Sleep paralysis runs in the family. If you ever feel like you’re awake but you can’t move - don’t panic. It will pass in a minute. It’s just a lag time in your sleep/wake cycle.
Recruit the kids to help with cleaning the house. All hands on deck "round-ups" are fun and efficient: Round up sippy cups, trash, dirty laundry, give-aways, etc. Time them for maximum enthusiasm: "60 second trash round up...Go!" See who can collect the most trash in 60 seconds.
Start explaining wants vs. needs. Continue explaining for the next 30 years.
We don’t always get what we want.

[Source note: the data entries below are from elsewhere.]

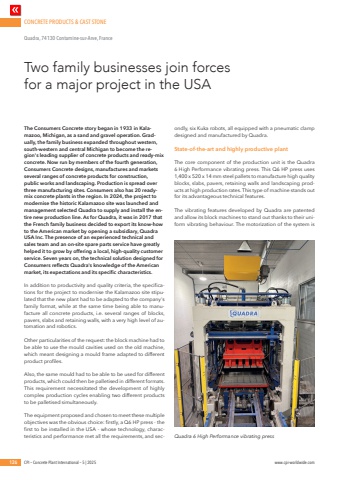CONCRETE PRODUCTS & CAST STONE126 CPI %u2013 Concrete Plant International %u2013 5 | 2025 www.cpi-worldwide.comThe Consumers Concrete story began in 1933 in Kalamazoo, Michigan, as a sand and gravel operation. Gradually, the family business expanded throughout western, south-western and central Michigan to become the region's leading supplier of concrete products and ready-mix concrete. Now run by members of the fourth generation, Consumers Concrete designs, manufactures and markets several ranges of concrete products for construction, public works and landscaping. Production is spread over three manufacturing sites. Consumers also has 20 readymix concrete plants in the region. In 2024, the project to modernise the historic Kalamazoo site was launched and management selected Quadra to supply and install the entire new production line. As for Quadra, it was in 2017 that the French family business decided to export its know-how to the American market by opening a subsidiary, Quadra USA Inc. The presence of an experienced technical and sales team and an on-site spare parts service have greatly helped it to grow by offering a local, high-quality customer service. Seven years on, the technical solution designed for Consumers reflects Quadra's knowledge of the American market, its expectations and its specific characteristics.In addition to productivity and quality criteria, the specifications for the project to modernise the Kalamazoo site stipulated that the new plant had to be adapted to the company's family format, while at the same time being able to manufacture all concrete products, i.e. several ranges of blocks, pavers, slabs and retaining walls, with a very high level of automation and robotics.Other particularities of the request: the block machine had to be able to use the mould cavities used on the old machine, which meant designing a mould frame adapted to different product profiles.Also, the same mould had to be able to be used for different products, which could then be palletised in different formats. This requirement necessitated the development of highly complex production cycles enabling two different products to be palletised simultaneously. The equipment proposed and chosen to meet these multiple objectives was the obvious choice: firstly, a Q6 HP press - the first to be installed in the USA - whose technology, characteristics and performance met all the requirements, and secondly, six Kuka robots, all equipped with a pneumatic clamp designed and manufactured by Quadra.State-of-the-art and highly productive plantThe core component of the production unit is the Quadra 6 High Performance vibrating press. This Q6 HP press uses 1,400 x 520 x 14 mm steel pallets to manufacture high quality blocks, slabs, pavers, retaining walls and landscaping products at high production rates. This type of machine stands out for its advantageous technical features.The vibrating features developed by Quadra are patented and allow its block machines to stand out thanks to their uniform vibrating behaviour. The motorization of the system is Two family businesses join forces for a major project in the USAQuadra, 74130 Contamine-sur-Arve, FranceQuadra 6 High Performance vibrating press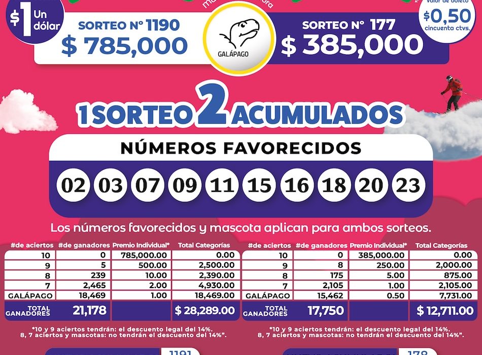 📌 Los números favorecidos y la mascota Galápago aplican para ambos sorteos.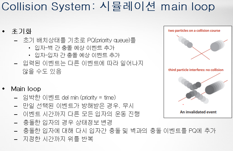N 개의 움직이는 입자의 행동을 탄성충돌법칙에 따라 시뮬레이션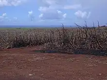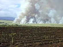 Traditionnellement, les champs de canne à sucre sont brûlés afin de faire fuir les serpents et autres animaux venimeux, et faciliter l'accès des coupeurs à des champs éclaircis et des tiges de cannes débarrassées de leurs feuilles mortes[34]. Ces feux spectaculaires brûlent intensément et s'éteignent très rapidement. Les coupeurs sectionnent la tige de la canne juste au-dessus du premier nœud, l'étêtent, et la coupent parfois en deux si elle est trop longue. La concentration en sucre est maximale dans la partie basse de la tige. Les têtes sont laissées au champ, auquel ils rendent une partie des nutriments en se décomposant. Des boutures peuvent aussi y être taillées. Les tiges de cannes sont ensuite rassemblées et chargées sur un camion qui les transporte jusqu'à l'usine qui est toujours proche des exploitations, car la dégradation du taux de sucre de la canne coupée est rapide : en 10 jours, 2,4 points de richesse en sucre en moins. Cette dégradation s'accompagne d'une perte de poids de l'ordre de 1 % par jour[35].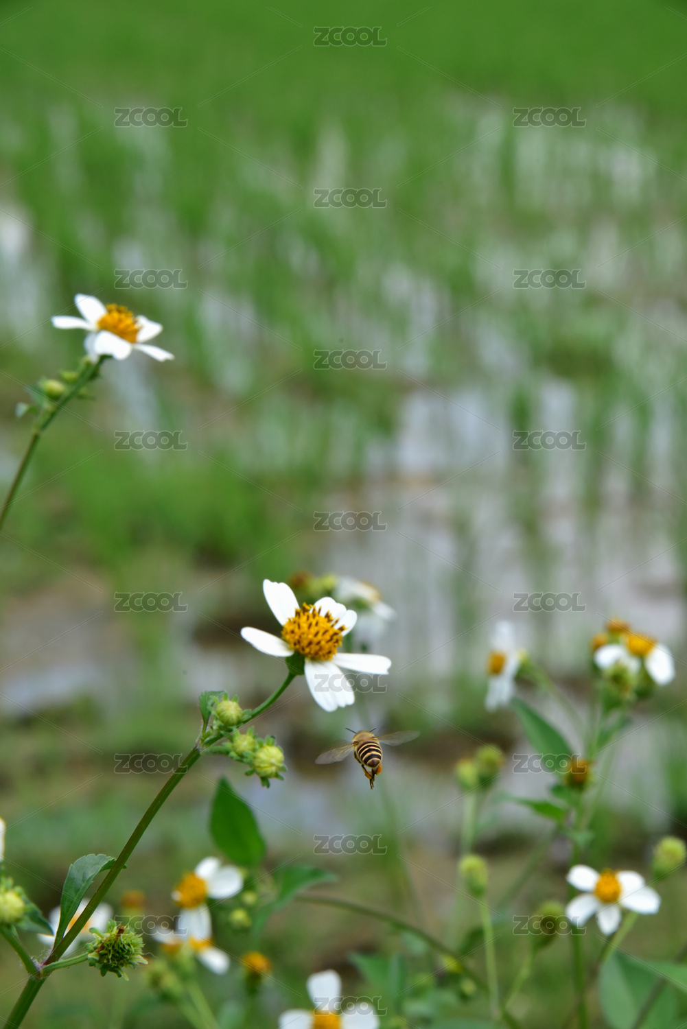 白花鬼针草,野花,花卉,植物,蜜蜂,昆虫,采蜜,开花,绽放,自然

That’s okay. 4 year olds can begin to understand this.
Great article on how to explain that bodies AND brains are undergoing rapid changes during adolescence. Re-read and then chat!
https://www.upworthy.com/amp/this-mother-s-description-of-her-tween-son-s-brain-is-a-must-read-for-all-parents?c=ufb1
Inevitably you will make mistakes in your career. Someone will dress you down for it. It stings. But they are doing you a favor. Thank them for it. We all have to learn, and we can’t do that if our pride gets in the way. Be humble and accept constructive criticism.
Long before I was old enough to decide what I wanted my life to be about, I was set on a path of other’s choosing: marriage, kids, Catholic. I took that assignment to heart. Focused like a laser beam. Ironically, I believe that it’s because marriage and a conventional family was my prime directive that I ended up becoming roadkill on that path. My point is twofold: don’t let me or anyone else tell you what your life should look like. Maybe college isn’t for you, maybe marriage isn’t something that appeals to you, maybe it is! Keep exploring until you find a direction that fits your own values and priorities. As long as you’re paying your bills and you’re not hurting anyone including yourself, knock yourself out! Go wild! Do whatever feels right. And if you don’t know where you want to be, go where you’re needed to start with. I love you forever no matter what you do.
Listen to books of love letters. I forget the title but one of the Bush twins wrote a book about her grandparents (George and Barbara). Stories about real love, real life. Fiction is great too but having a real world examples of happy partnerships is gold.
Show them a picture of a riptide and explain about swimming parallel to the shore instead of fighting it.
Google Outer Banks NC green fluorescent dye in riptide.